2

I'm looking at some library code that performs the following. The CpuId function operates as expected. It loads EAX (function), ECX (subfunction) and then calls CPUID.

struct CPUIDinfo
{
    word32 EAX;
    word32 EBX;
    word32 ECX;
    word32 EDX;
};
...

CPUIDinfo info;
CpuId(1 /*EAX=1*/, 0 /*ECX=0*, info);

if ((info.EDX & (1 << 26)) != 0)
    s_hasSSE2 = TrySSE2();

Then, this is what the code does in TrySSE2:

bool TrySSE2()
{
    /* SIG handlers in place */

    // Sets XMM0 to 0
    por xmm0, xmm0;

    #if ... Microsoft and instrinsics available ...
      // Exercises MOVD instruction
      word32 x = _mm_cvtsi128_si32(xmm0);
      return x == 0;
    #endif

    return true;
}

Calling CPUID and testing bit 26 of EDX is correct per Intel® 64 and IA-32 Architectures Software Developer Manual, Volume 2, Figure 3-8, page 3-192. So I'm not sure about the TrySSE2 part...

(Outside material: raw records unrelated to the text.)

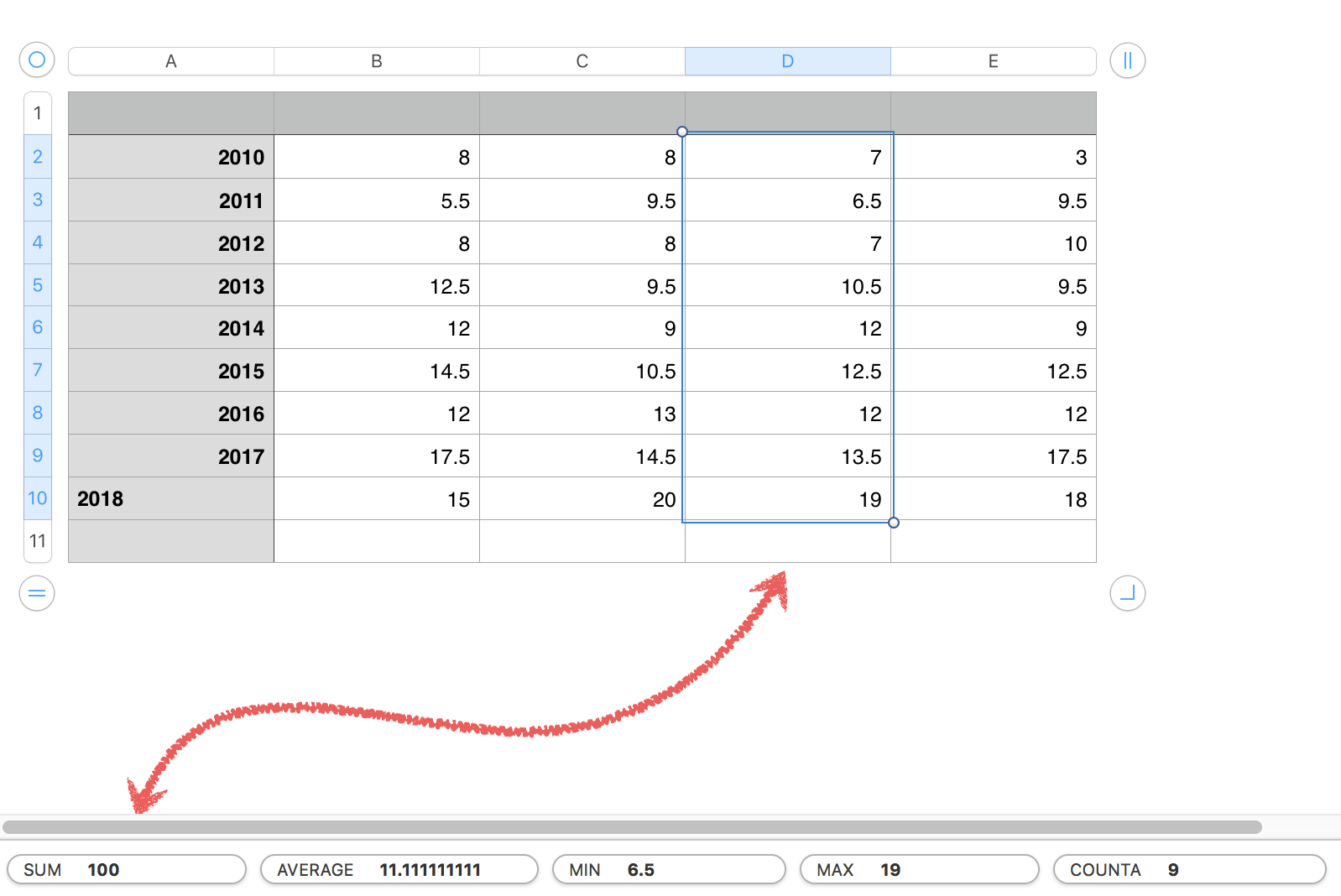 Row 10 is a Footer Row here. Or if someones already asked you can search for the best answer. Numbers automatically inserts the formula and chooses a result cell based on your selection.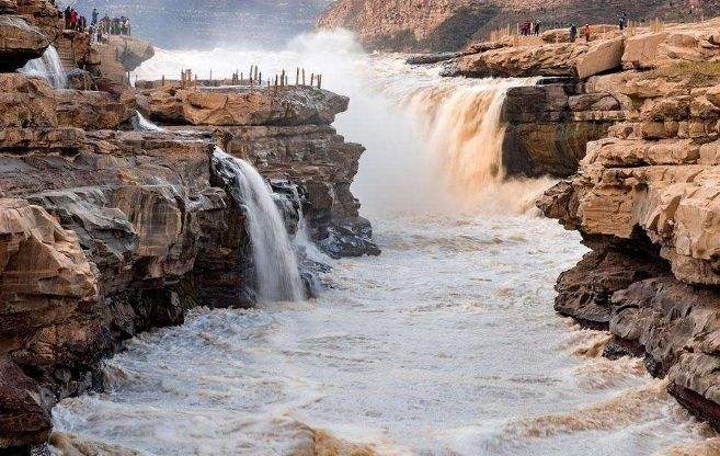 八月十五日,壶口唢呐艺术团在吉县黄河壶口瀑布景区为游客表演。入秋以来,受上游降雨和水库泄洪影响,吉县黄河壶口瀑布水量大增,主副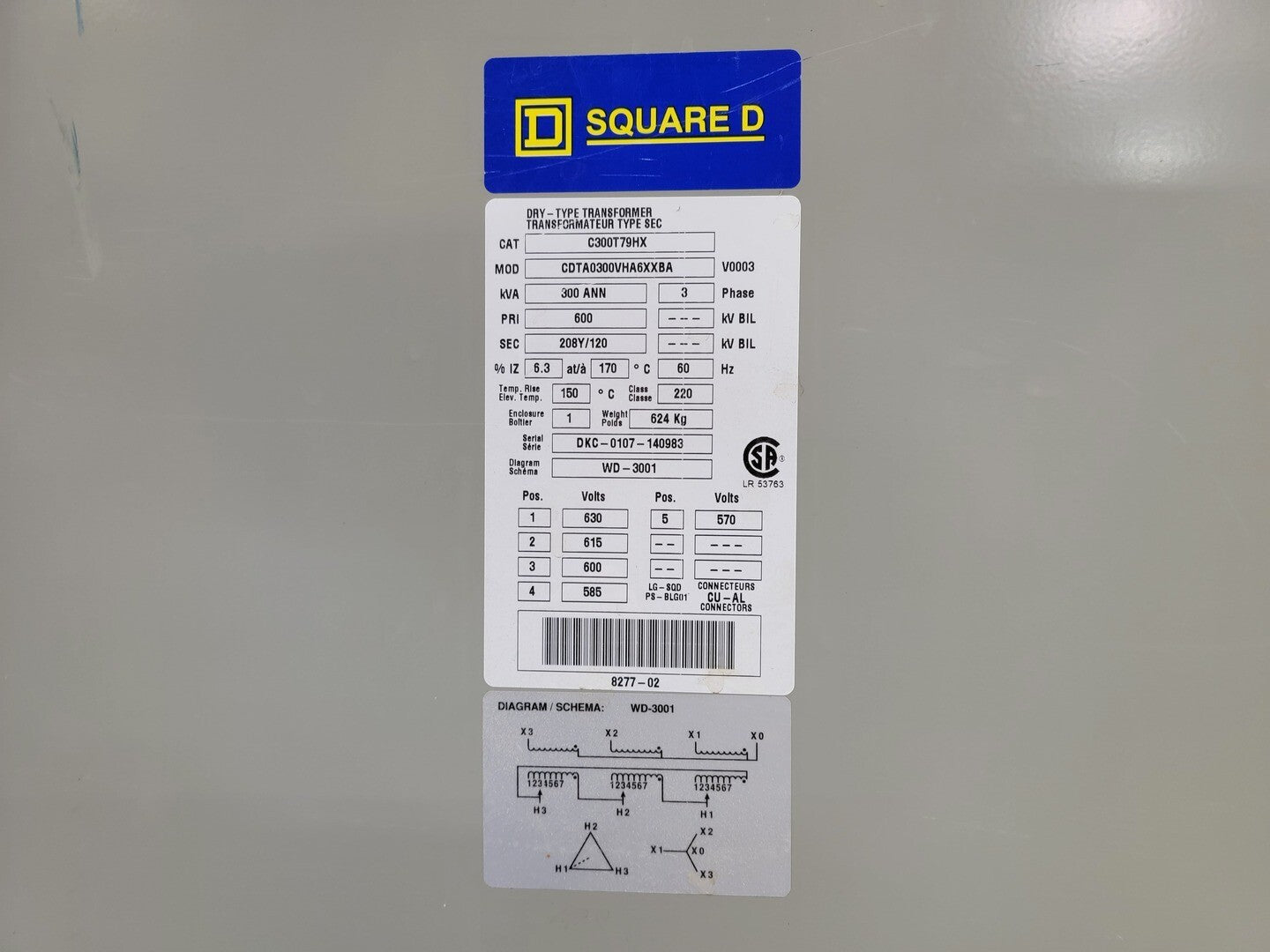 300 kVA Transformer, 600 pri. volts, 208Y/120 sec. volts C300T79HX

I have looked at other similar questions, like Determine processor support for SSE2?. None of them say testing EDX:26 is unreliable.

Why would the code call TrySSE2 rather than using CPUID/EDX:26? Is the test unreliable on some non-Intel processors?

Community
  • 1
  • 1
jww
  • 97,681
  • 90
  • 411
  • 885

1 Answers1

2

When the SSE instructions were added, they introduced new registers which need to be saved/restored during context switches... since OSes at the time didn't have the code to do this, the SSE instructions were disabled by default.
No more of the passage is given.